The late Margaret Trimble, Wānaka’s head librarian, started the wardrobe section in the old A&P building “that got hit by the cyclone [circa 2000]”, Susan said. “She was quite scary for a small lady.”



Productions included Oliver, The King and I, Finian’s Rainbow, Footrot Flats, and of course, The Sound of Music.


“We had two casts of children for Oliver. Those kids have all grown up and got children now,” she said.


The productions were mostly staged in the old town hall on Ardmore Street, which was knocked down in the late 1990s. Some more recent plays were staged in the Lake Wānaka Centre.


But the entertainment wasn’t all on the stage: there was plenty of backstage action, where relationships formed and others became “fluid”, Susan said, before referring obliquely to a garment known as “the wife swapper dress”.



The theatre group was a place people made friends, socialised, and broadened their horizons, but the world changed in the 1990s and community theatre groups came up against challenges.


“People got busy, people got lives. There were more choices for entertainment,” Susan said. 


“We’d have to hire the scripts and pay the copyright, people bought tickets in the shops. As things got digital it was easier for people to do their own thing.


“It took a lot of effort.
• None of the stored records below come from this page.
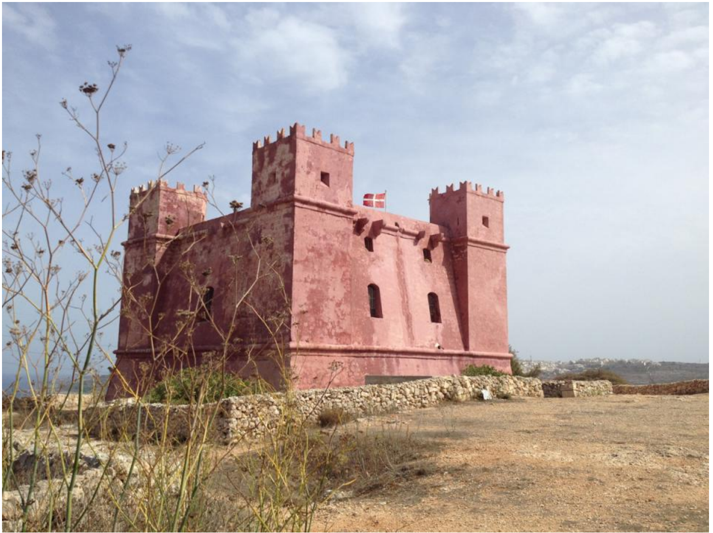
Her ses det røde tårn, Red Tower (som faktisk hedder St. Agatha's Tower).

Her var vi så heldige at se to fiskeørne ( Pandion haliaetus ) svæve i vindene forholdsvis tæt på os, og vi nød at følge dem i den tid, de var der.
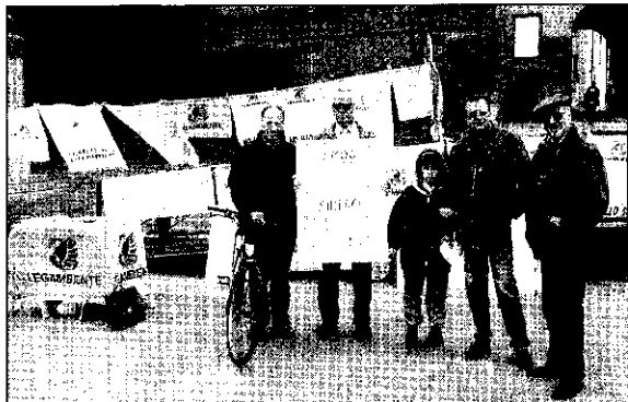
I lenzuoli e i cartelli esposti da Legambiente ieri davanti alla Rocca
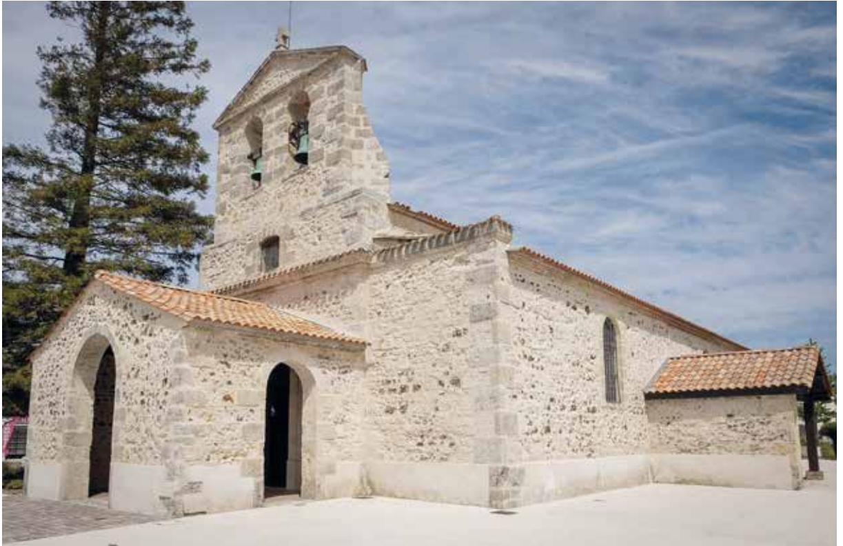
► ÉGLISE SAINT VINCENT

■ L'équipe FCPMH de Castets des Landes s'est réunie le samedi 30 avril 2022 (5 participants) et elle a repris le questionnement de la démarche synodale, qu'elle nous partage.

It was definitely of its time, but I think that time has passed.”


After the productions stopped the theatre group kept renting out costumes to other drama groups and for events, but the group called time recently.
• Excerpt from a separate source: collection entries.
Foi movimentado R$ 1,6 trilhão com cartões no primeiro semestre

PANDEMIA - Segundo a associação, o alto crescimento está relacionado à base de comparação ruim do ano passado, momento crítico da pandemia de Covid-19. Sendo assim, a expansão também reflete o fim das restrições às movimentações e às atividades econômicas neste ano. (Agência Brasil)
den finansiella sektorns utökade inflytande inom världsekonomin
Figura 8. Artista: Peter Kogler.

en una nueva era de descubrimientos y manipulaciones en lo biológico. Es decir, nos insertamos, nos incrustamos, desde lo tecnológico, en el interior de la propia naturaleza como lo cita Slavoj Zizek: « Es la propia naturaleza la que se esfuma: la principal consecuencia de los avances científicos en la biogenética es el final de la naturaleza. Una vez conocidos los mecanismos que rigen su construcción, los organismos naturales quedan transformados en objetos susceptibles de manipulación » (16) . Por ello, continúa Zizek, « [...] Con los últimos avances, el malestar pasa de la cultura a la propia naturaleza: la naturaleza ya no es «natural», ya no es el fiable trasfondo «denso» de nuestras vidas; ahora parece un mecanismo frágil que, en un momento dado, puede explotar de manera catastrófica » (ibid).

“The main thing was the Queenstown Lakes District Council asked for its land back.”



The theatre group shed is on a paper road behind the Upper Clutha A&P Society pavilion at the showgrounds, and the council needs to lay stormwater drains there. 
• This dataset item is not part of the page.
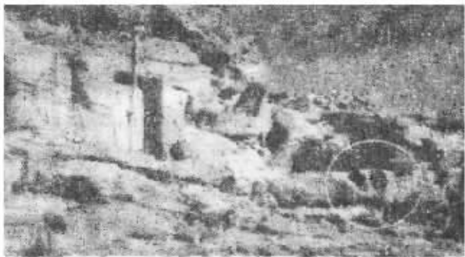
成吉思汗曾在此养伤的阿尔寨石窟

鄂托克旗附近的“百眼井”；“驼羔梁”，，等是成吉思汗晚年活动的另外几个遗迹。据潘照东介绍，传说中的百眼井因风沙的侵蚀而埋没，如今只剩下了 80 多眼，但井壁非常光滑圆润，而且分布合理。

The group has gifted its shed to the Hāwea Food Forest, and it will be moved out to Hāwea Flat after this weekend’s sale.


The theatre group’s paperwork - minute books and so on - will be given to the Upper Clutha Historical Records Society. 


Susan feels a bit of sadness at the thought of the sale, but she’s spent so many hours at the site sorting through items that she said it won’t sink in until she sees an empty shed.


Former Mount Aspiring College (MAC) student, Ruby Urquhart, has come back to Wānaka from Christchurch to help her. 


“For the last 12 years or so I’ve had Students in the Community from MAC helping with returns and mending,” Susan said. “There’s been lots of good contact with the school kids over the years.”



A lot of items will also be passed on to other theatre groups. The Wānaka group’s Oliver costumes had been borrowed from other groups all over the country.


But as Ab Fab’s Patsy once famously said, “You can never have enough hats, gloves and shoes”, and the treasures on sale include boxes of bags, hats and glasses; lots of fabrics, sewing items, patterns, parasols, and - mysteriously - one carefully wrapped empty jam jar that Susan found tucked away.


“I just want the things to have another life. This stuff is cool and it needs to be worn. A lot of it, if it was styled differently, would rock.


“There’s stuff for guys and a rack of children’s clothes. We go from $5 to a pair of gloves up to $150 for a ballgown,” Susan said, adding that the prices are firm.


She said the money made from the sale “will benefit the community at some point”, but those decisions have yet to be made by the remaining theatre group committee.


The Wānaka Theatre Group’s Clothing, Collectables and Costumes Sale will take place on Saturday June 4 and Sunday June 5 from 9am to 4pm, at the A&P showgrounds. The site will be well marked.


There is no eftpos so people should bring cash. Susan said they may need to be patient due to the size of the shed: if it is full, people will be rotated out after 20 minutes. There will be marquees outside with items for sale too. From 12pm on Sunday there will be a ‘fill-a-bag’ option.